Biography
Vladimir Ivaneanu is a Belgian printmaking artist and educator who is a central figure in the European mokuhanga community. Based in Gentbrugge near Ghent, Belgium, Ivaneanu specializes in relief printing and Japanese woodblock printing, a practice that has run as a continuous thread through his artistic career since he first encountered the medium during his printmaking studies.
In 2007, Ivaneanu traveled to Japan as a resident artist at Nagasawa Art Park, where he apprenticed with the Scottish-born mokuhanga master Paul Furneaux to learn the traditional techniques of water-based woodblock printing. This immersive experience with Japanese tools, materials, and printing philosophy became foundational to his subsequent practice and teaching.

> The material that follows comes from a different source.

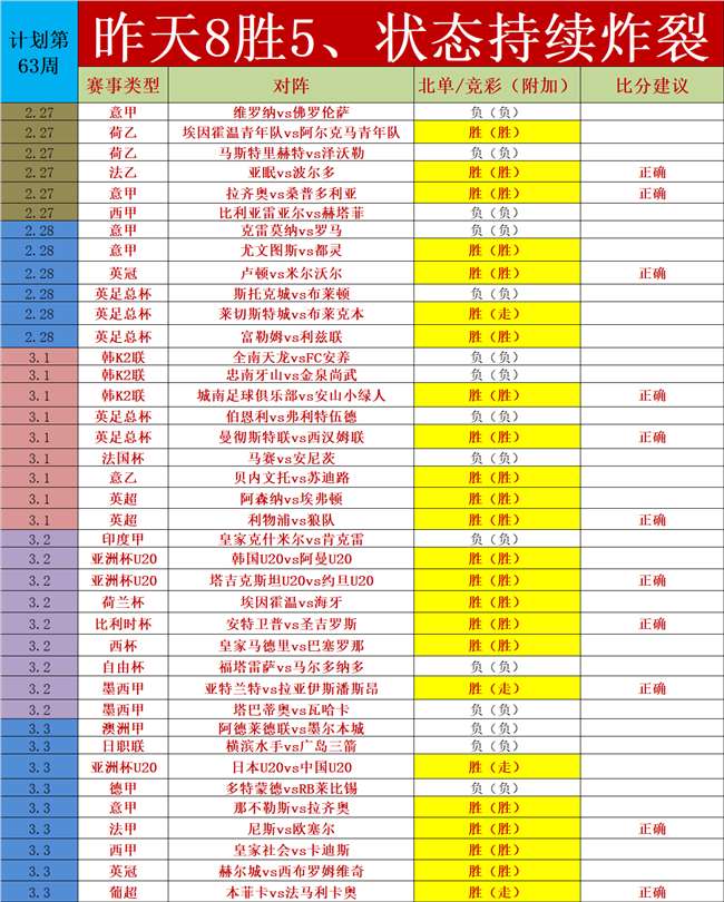 1、推演士计划第63周(走不纳入统计)昨天状态继续炸裂,拿下8胜5的战绩,昨天的晚场欧洲主流联赛大放异彩,拿下6胜5的战绩,欧洲主流、五大联赛从来没让大家失望过,重中之中五大联赛战绩依然保持稳定,特别是葡超本菲卡,在分析中笔者提示了要提防2比0的比分,结果在补时阶段本菲打进1球,结果2比0,笔者也是击中了比分,思路十分清晰,今天我们继续重中之中五大联赛,英超已经是6连胜。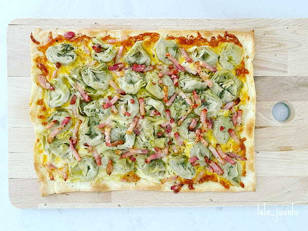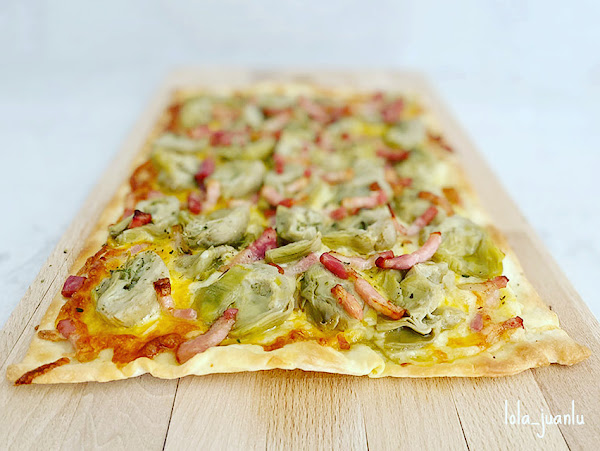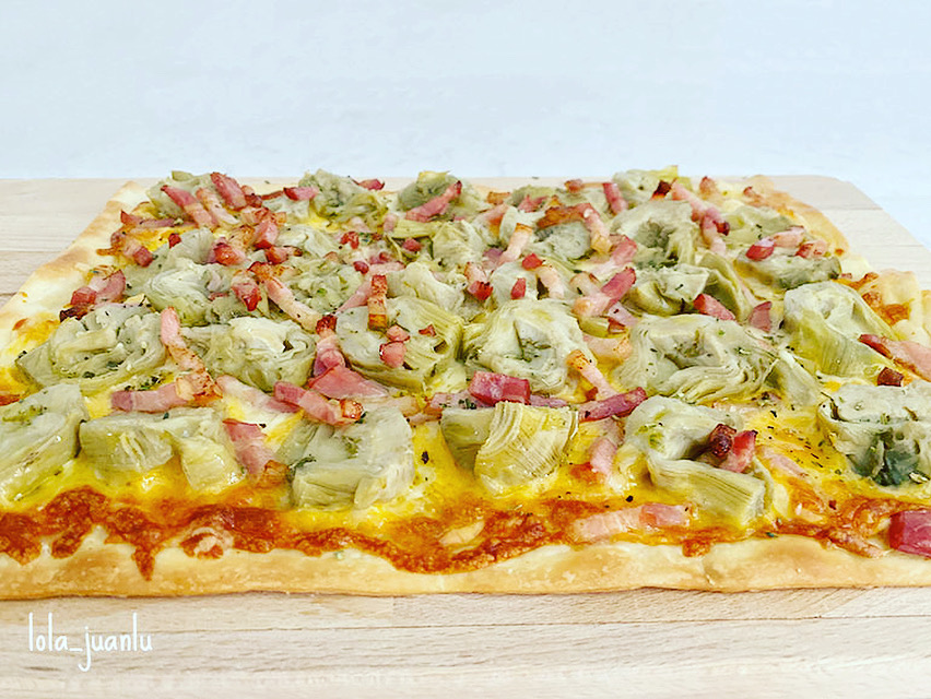 Extendemos la masa y la colocamos sobre una bandeja de horno. Espolvoreamos el queso rallado dejando 1 cm alrededor sin cubrir. colocamos las alcachofas sobre la capa de queso. Y, por último, distribuimos las tiras de bacon de forma decorativa.

Ivaneanu serves as a Lecturer in printmaking at the Academy of Fine Arts DKO Ghent (now part of the Academy of Fine Arts of the City of Ghent), where he teaches mokuhanga to art students. Together with fellow artist Soetkin Everaert, he co-founded Mokuhanga Magic, a Belgium-based research collaboration dedicated to Japanese woodblock printing. The project has grown into a significant European platform for mokuhanga, producing the Mokublad newsletter, maintaining the Mokumap directory of international mokuhanga practitioners, organizing the 'Mokuhanga Mon Amour' traveling exhibition, and offering workshops and resources for both beginners and experienced artists.
Ivaneanu is an active member of the International Mokuhanga Association (IMA), serving on its Board of Directors, and he has been appointed to the organizing board of the 2027 International Mokuhanga Conference. He participated in the IMC 2024 Europe-Africa juried exhibition in Echizen, Japan. His work bridges the technical traditions of Japanese water-based printing with contemporary European artistic sensibilities.
Key Facts
- Nationality
- 🇧🇪Belgium
- Movement
- Contemporary Mokuhanga
- Works Indexed
- 1
Frequently Asked Questions
Vladimir Ivaneanu is a Belgian printmaking artist and educator who is a central figure in the European mokuhanga community. Based in Gentbrugge near Ghent, Belgium, Ivaneanu specializes in relief printing and Japanese woodblock printing, a practice that has run as a continuous thread through his artistic career since he first encountered the medium during his printmaking studies.
Vladimir Ivaneanu's work was shaped by the Contemporary Mokuhanga tradition in Japanese woodblock printmaking. Contemporary Mokuhanga: Contemporary mokuhanga (literally "wood-block print") encompasses artists working from approximately 1970 to the present who continue or reinvent traditional Japanese woodblock printing techniques.
Vladimir Ivaneanu is a contemporary printmaker working in the mokuhanga (Japanese woodblock) tradition. Their work contributes to the living tradition of Japanese woodblock printing. Prices for contemporary mokuhanga prints range from $100 for smaller works to $1,500 for major compositions. Most prints sell in the $180–$600 range. The global mokuhanga community has been growing, with increasing exhibition opportunities and collector interest. Contemporary mokuhanga represents an affordable entry point for collectors.